+++ DATA PROVIDED +++

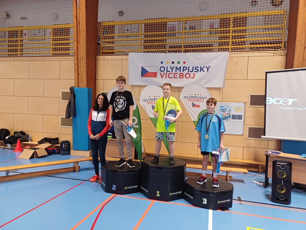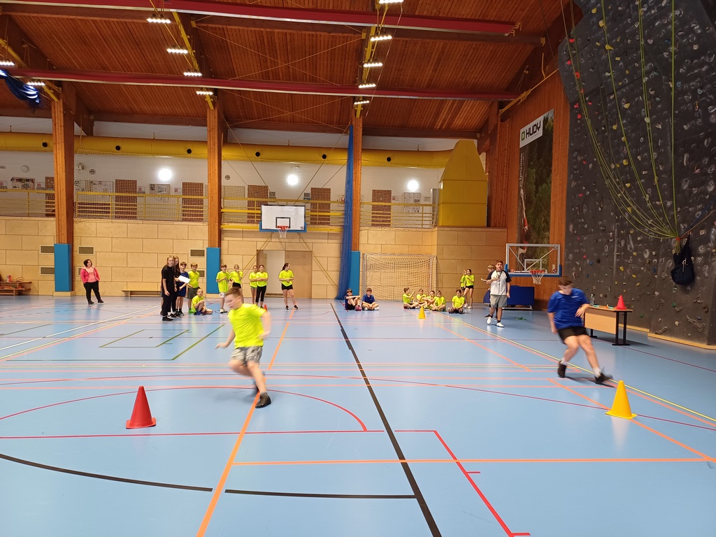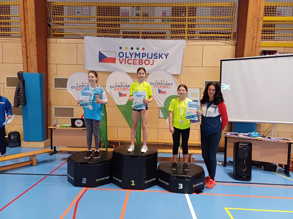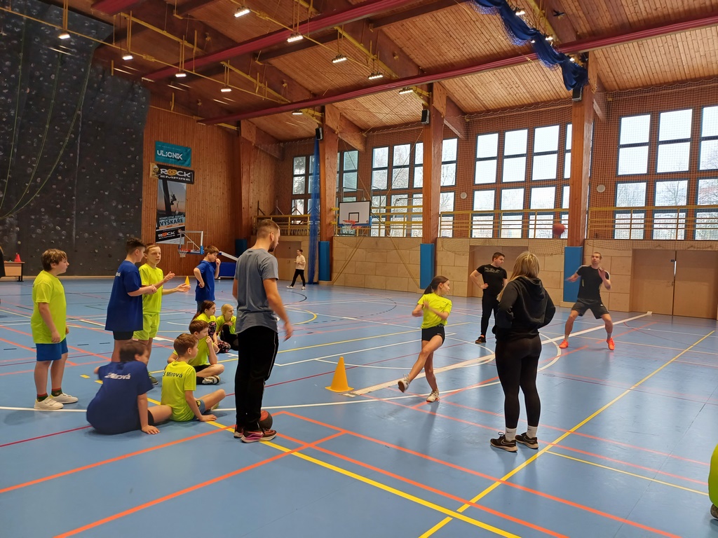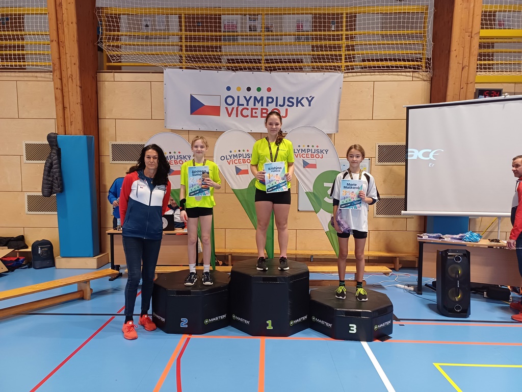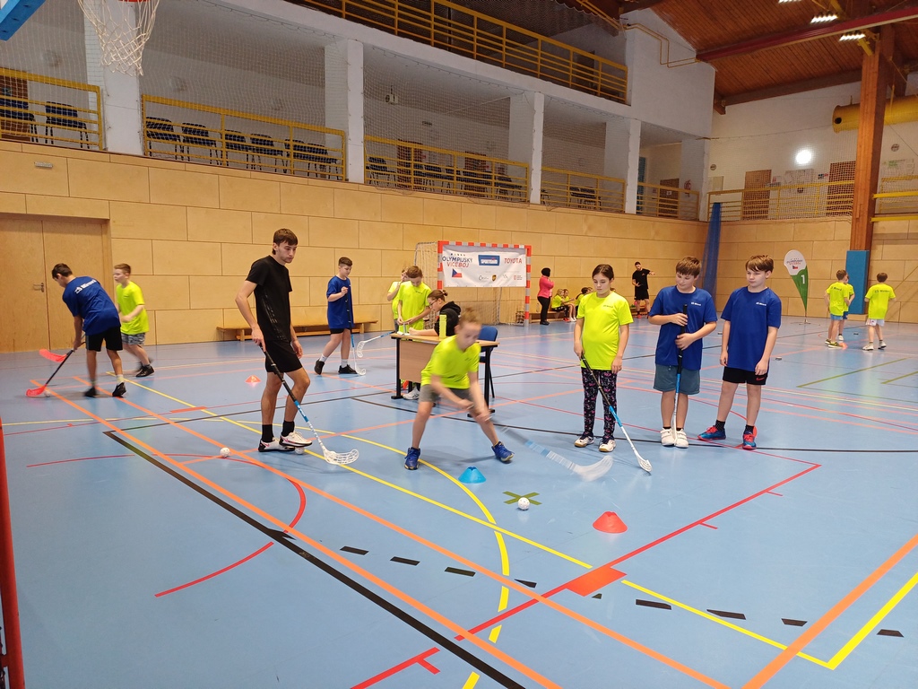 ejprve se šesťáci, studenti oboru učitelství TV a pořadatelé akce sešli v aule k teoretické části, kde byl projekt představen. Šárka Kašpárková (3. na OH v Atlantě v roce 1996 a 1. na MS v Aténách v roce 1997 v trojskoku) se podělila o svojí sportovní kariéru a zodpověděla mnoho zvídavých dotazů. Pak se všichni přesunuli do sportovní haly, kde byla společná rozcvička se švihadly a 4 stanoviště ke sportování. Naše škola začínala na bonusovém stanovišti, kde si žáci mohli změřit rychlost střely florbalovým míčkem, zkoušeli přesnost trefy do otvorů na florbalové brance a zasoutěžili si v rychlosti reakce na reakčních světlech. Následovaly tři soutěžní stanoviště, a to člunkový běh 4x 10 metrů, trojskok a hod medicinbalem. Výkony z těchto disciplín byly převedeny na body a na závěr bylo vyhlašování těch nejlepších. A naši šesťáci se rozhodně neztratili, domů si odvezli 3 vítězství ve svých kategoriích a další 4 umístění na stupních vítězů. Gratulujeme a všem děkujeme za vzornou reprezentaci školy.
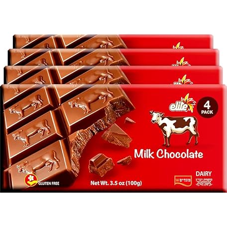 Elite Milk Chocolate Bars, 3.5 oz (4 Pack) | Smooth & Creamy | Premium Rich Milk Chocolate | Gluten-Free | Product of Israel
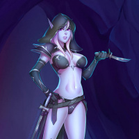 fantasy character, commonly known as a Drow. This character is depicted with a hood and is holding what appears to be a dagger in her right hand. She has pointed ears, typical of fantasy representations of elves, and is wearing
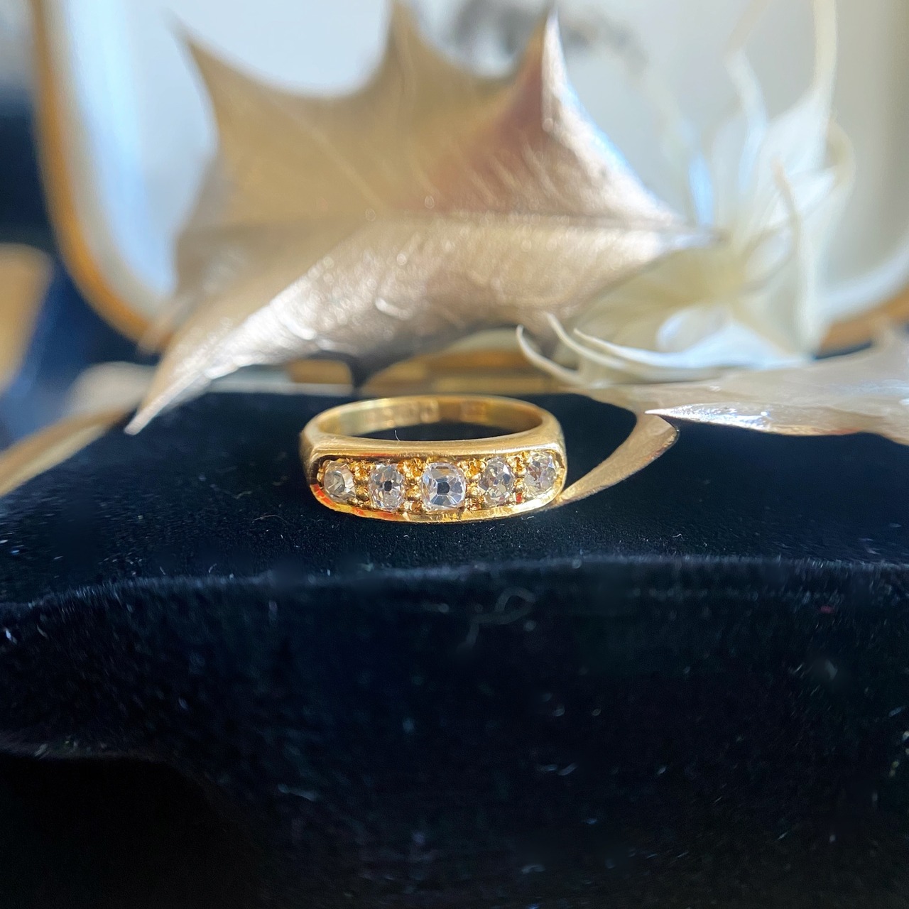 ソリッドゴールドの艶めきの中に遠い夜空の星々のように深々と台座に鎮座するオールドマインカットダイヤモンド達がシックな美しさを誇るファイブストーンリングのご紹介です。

+++
+++ DATA PROVIDED +++

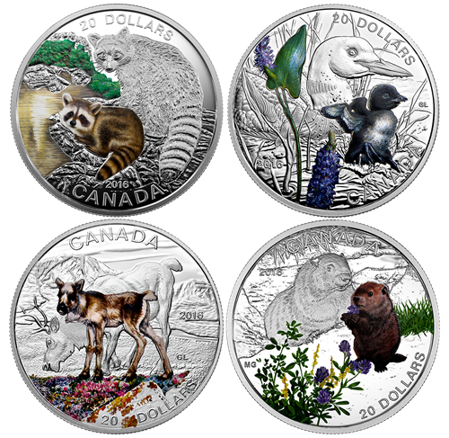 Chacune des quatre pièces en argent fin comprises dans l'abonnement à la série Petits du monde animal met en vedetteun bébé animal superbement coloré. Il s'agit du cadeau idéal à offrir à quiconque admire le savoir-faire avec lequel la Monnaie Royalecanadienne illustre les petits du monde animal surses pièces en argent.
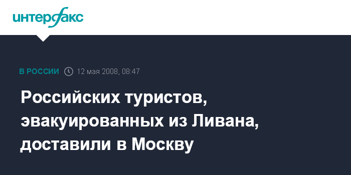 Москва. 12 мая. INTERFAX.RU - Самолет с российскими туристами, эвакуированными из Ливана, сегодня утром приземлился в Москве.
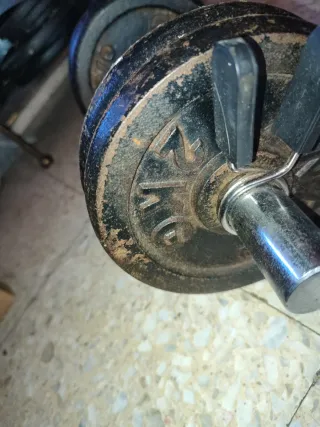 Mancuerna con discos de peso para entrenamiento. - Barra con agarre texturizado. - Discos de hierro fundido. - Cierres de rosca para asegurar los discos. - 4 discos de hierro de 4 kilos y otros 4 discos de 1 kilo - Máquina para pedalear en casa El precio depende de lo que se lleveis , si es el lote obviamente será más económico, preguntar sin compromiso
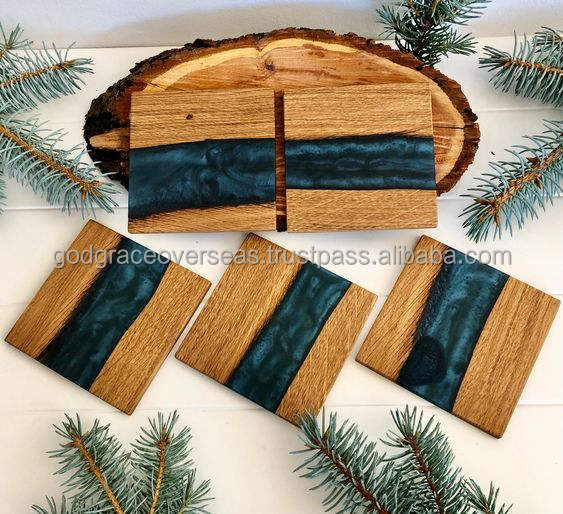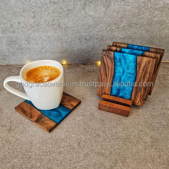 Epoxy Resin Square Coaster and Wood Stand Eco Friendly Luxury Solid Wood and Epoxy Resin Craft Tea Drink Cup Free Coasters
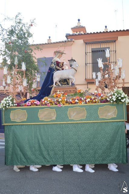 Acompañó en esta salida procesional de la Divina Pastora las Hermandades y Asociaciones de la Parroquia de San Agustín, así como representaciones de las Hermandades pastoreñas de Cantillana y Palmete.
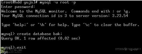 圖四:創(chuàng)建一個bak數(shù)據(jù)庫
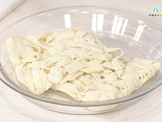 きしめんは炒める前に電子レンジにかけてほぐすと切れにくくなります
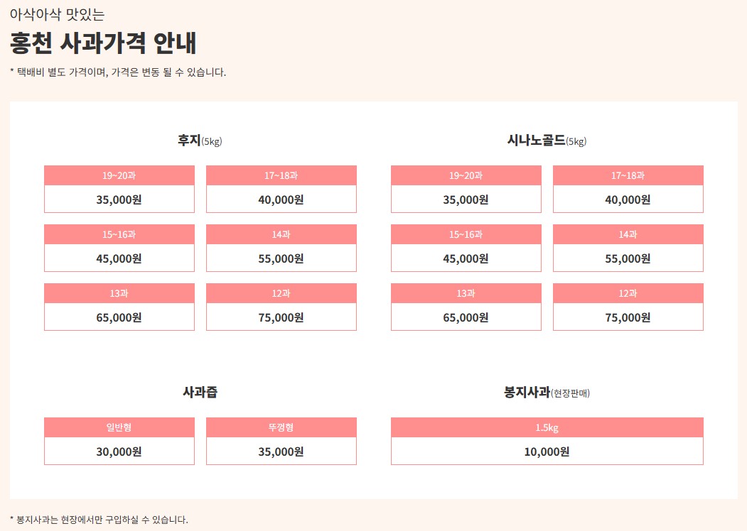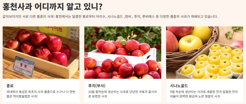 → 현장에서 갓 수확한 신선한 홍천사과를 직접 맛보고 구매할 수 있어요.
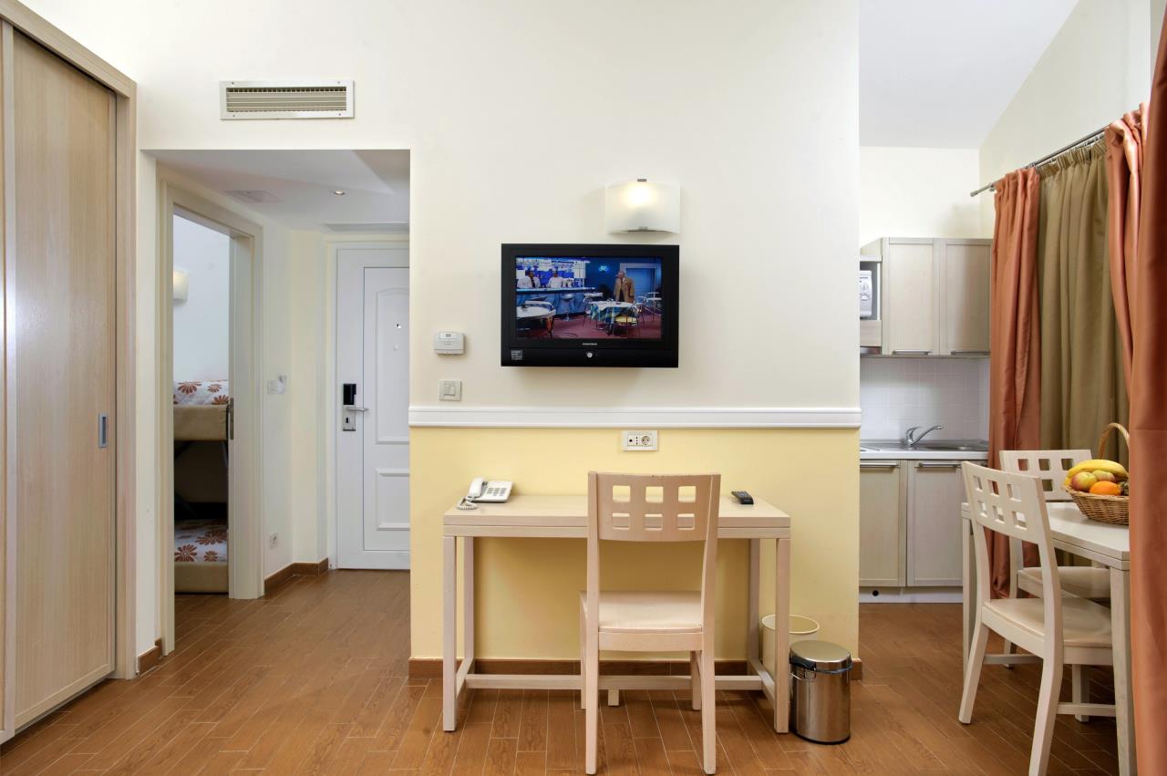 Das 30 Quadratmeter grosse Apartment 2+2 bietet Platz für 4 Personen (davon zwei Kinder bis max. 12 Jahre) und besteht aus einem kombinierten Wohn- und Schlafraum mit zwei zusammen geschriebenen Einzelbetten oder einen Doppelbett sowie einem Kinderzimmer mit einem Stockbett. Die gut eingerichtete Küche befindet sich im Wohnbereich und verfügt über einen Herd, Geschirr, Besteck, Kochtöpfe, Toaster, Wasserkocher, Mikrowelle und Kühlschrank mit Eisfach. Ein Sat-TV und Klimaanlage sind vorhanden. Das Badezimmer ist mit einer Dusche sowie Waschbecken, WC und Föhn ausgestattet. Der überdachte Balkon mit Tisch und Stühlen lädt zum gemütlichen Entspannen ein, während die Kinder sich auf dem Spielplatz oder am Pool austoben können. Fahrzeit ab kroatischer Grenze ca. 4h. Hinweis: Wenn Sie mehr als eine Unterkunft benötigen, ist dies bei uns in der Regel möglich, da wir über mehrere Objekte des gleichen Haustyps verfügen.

+++

- EXERCISE AIM
Look above and copy only the lines from the one holding "Acompañó en esta" to the one holding "맛보고 구매할 수 있어요.", both included, exactly, minus the pictures.

- RESPONSE
 Acompañó en esta salida procesional de la Divina Pastora las Hermandades y Asociaciones de la Parroquia de San Agustín, así como representaciones de las Hermandades pastoreñas de Cantillana y Palmete.
 圖四:創(chuàng)建一個bak數(shù)據(jù)庫
 きしめんは炒める前に電子レンジにかけてほぐすと切れにくくなります
 → 현장에서 갓 수확한 신선한 홍천사과를 직접 맛보고 구매할 수 있어요.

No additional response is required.